Hear!! Hear!!! Next up, Paul Krugman isn’t sure whether it’s delusion or cynicism. Maybe both?

The only real question about the planned “surge” in Iraq — which is better described as a Vietnam-style escalation — is whether its proponents are cynical or delusional.

Senator Joseph Biden, chairman of the Senate Foreign Relations Committee, thinks they’re cynical. He recently told The Washington Post that administration officials are simply running out the clock, so that the next president will be “the guy landing helicopters inside the Green Zone, taking people off the roof.”

Daniel Kahneman, who won the Nobel Memorial Prize in Economic Science for his research on irrationality in decision-making, thinks they’re delusional. Mr. Kahneman and Jonathan Renshon recently argued in Foreign Policy magazine that the administration’s unwillingness to face reality in Iraq reflects a basic human aversion to cutting one’s losses — the same instinct that makes gamblers stay at the table, hoping to break even.

Of course, such gambling is easier when the lives at stake are those of other people’s children.

Well, we don’t have to settle the question. Either way, what’s clear is the enormous price our nation is paying for President Bush’s character flaws.

I began writing about the Bush administration’s infallibility complex, the president’s Captain Queeg-like inability to own up to mistakes, almost a year before the invasion of Iraq. When you put a man like that in a position of power — the kind of position where he can punish people who tell him what he doesn’t want to hear, and base policy decisions on the advice of people who play to his vanity — it’s a recipe for disaster.

Consider, on one side, the case of the C.I.A.’s Baghdad station chief during 2004, who provided accurate assessments of the deteriorating situation in Iraq. “What is he, some kind of defeatist?” asked the president — and according to The Washington Post, at the end of his tour, the station chief “was punished with a poor assignment.”

On the other side, consider the men Mr. Bush has turned to since the midterm election. They constitute a remarkable coalition of the unwilling — men who have been wrong about Iraq every step of the way, but aren’t willing to admit it.

The principal proponents of the “surge” are William Kristol of The Weekly Standard and Frederick Kagan of the American Enterprise Institute. Now, even if the Joint Chiefs of Staff hadn’t given the surge a thumbs down, Mr. Kristol’s track record should have been reason enough to ignore his advice. For example, early in the war, Mr. Kristol dismissed as “pop sociology” warnings that there would be conflict between Sunnis and Shiites and that the Shiites might try to create an Islamic fundamentalist state. He assured National Public Radio listeners that “Iraq’s always been very secular.”

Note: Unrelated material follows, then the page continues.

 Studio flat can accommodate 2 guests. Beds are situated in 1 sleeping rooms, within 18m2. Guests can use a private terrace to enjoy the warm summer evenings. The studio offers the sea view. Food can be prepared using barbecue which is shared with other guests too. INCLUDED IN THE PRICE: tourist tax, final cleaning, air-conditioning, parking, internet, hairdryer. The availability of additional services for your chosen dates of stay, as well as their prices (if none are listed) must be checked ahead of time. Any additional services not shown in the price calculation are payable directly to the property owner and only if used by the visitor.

But Mr. Kristol and Mr. Kagan appealed to Mr. Bush’s ego, suggesting that he might yet be able to rescue his signature war. And am I the only person to notice that after all the Oedipal innuendo surrounding the Iraq Study Group — Daddy’s men coming in to fix Junior’s mess, etc. — Mr. Bush turned for advice to two other sons of famous and more successful fathers?

Not that Mr. Bush rejects all advice from elder statesmen. We now know that he has been talking to Henry Kissinger. But Mr. Kissinger is a kindred spirit. In remarks published after his death, Gerald Ford said of his secretary of state, “Henry in his mind never made a mistake, so whatever policies there were that he implemented, in retrospect he would defend.”

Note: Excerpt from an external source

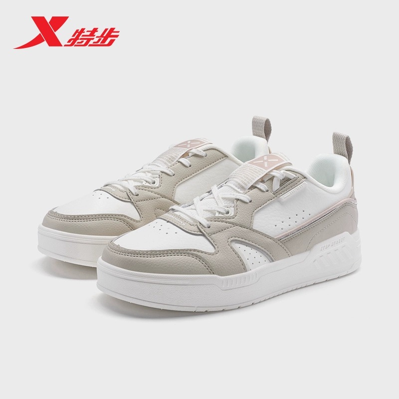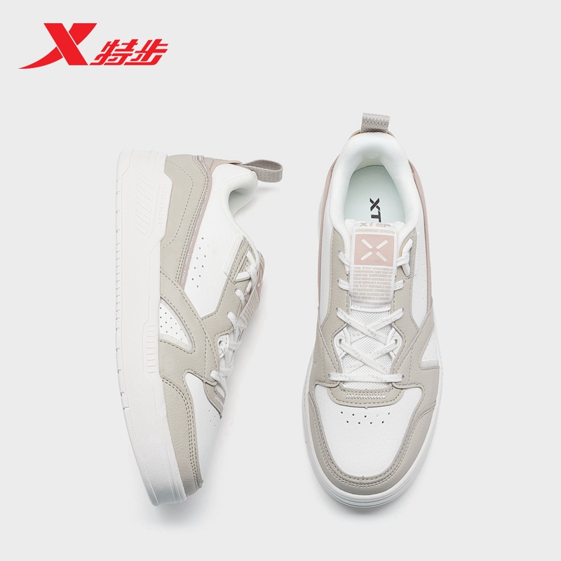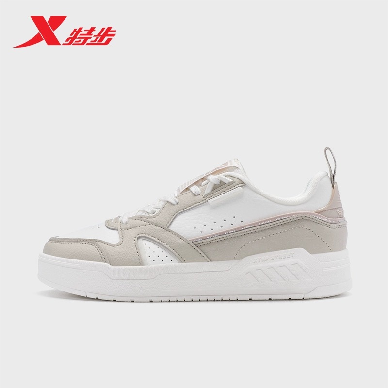 特步女鞋板鞋小黑鞋2023冬季新款正品皮面时尚百搭软底休闲运动鞋,浙江 湖州
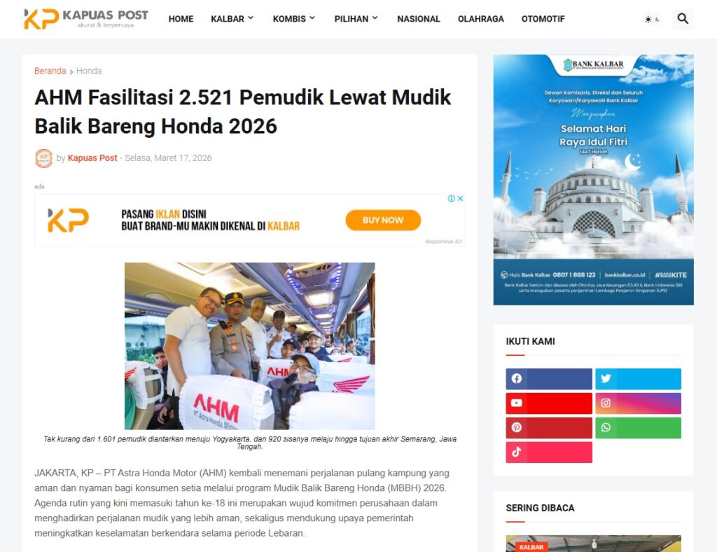 AHM Fasilitasi 2.521 Pemudik Lewat Mudik Balik Bareng Honda 2026 by Muhammad Arif 17 Maret 2026 in Silahkan kunjungi https://www.kapuaspost.web.id/2026/03/ahm-fasilitasi-2521-pemudik-lewat-mudik.html. Tags: astra Astra Motor kalbar Astra Motor Pontianak astramotor honda kalbar pontianak sepeda motor You Might Like Regional Public Launching New ADV160 The SUV Pride Grand Launching New PCX 160 Truly Exceptional! Tetap hati-hati ya bro sist berkendara saat hujan.

Oh, and Senator John McCain, the first major political figure to advocate a surge, is another man who can’t admit mistakes. Mr. McCain now says that he always knew that the conflict was “probably going to be long and hard and tough” — but back in 2002, before the Senate voted on the resolution authorizing the use of force, he declared that a war with Iraq would be “fairly easy.”

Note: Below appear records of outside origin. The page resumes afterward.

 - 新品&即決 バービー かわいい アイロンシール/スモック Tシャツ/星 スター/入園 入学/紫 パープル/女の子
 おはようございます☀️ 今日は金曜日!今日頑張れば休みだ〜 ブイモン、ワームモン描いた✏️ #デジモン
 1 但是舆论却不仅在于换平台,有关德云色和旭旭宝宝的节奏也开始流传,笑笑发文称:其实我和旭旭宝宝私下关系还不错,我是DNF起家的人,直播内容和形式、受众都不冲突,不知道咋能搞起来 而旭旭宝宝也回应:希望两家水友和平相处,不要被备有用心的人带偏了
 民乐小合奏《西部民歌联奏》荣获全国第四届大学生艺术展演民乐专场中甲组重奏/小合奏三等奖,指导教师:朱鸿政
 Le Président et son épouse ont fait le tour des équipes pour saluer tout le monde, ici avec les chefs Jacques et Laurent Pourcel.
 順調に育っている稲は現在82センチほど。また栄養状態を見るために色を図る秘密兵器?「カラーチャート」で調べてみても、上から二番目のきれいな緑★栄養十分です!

Mr. Bush is expected to announce his plan for escalation in the next few days. According to the BBC, the theme of his speech will be “sacrifice.” But sacrifice for what? Not for the national interest, which would be best served by withdrawing before the strain of the war breaks our ground forces. No, Iraq has become a quagmire of the vanities — a place where America is spending blood and treasure to protect the egos of men who won’t admit that they were wrong.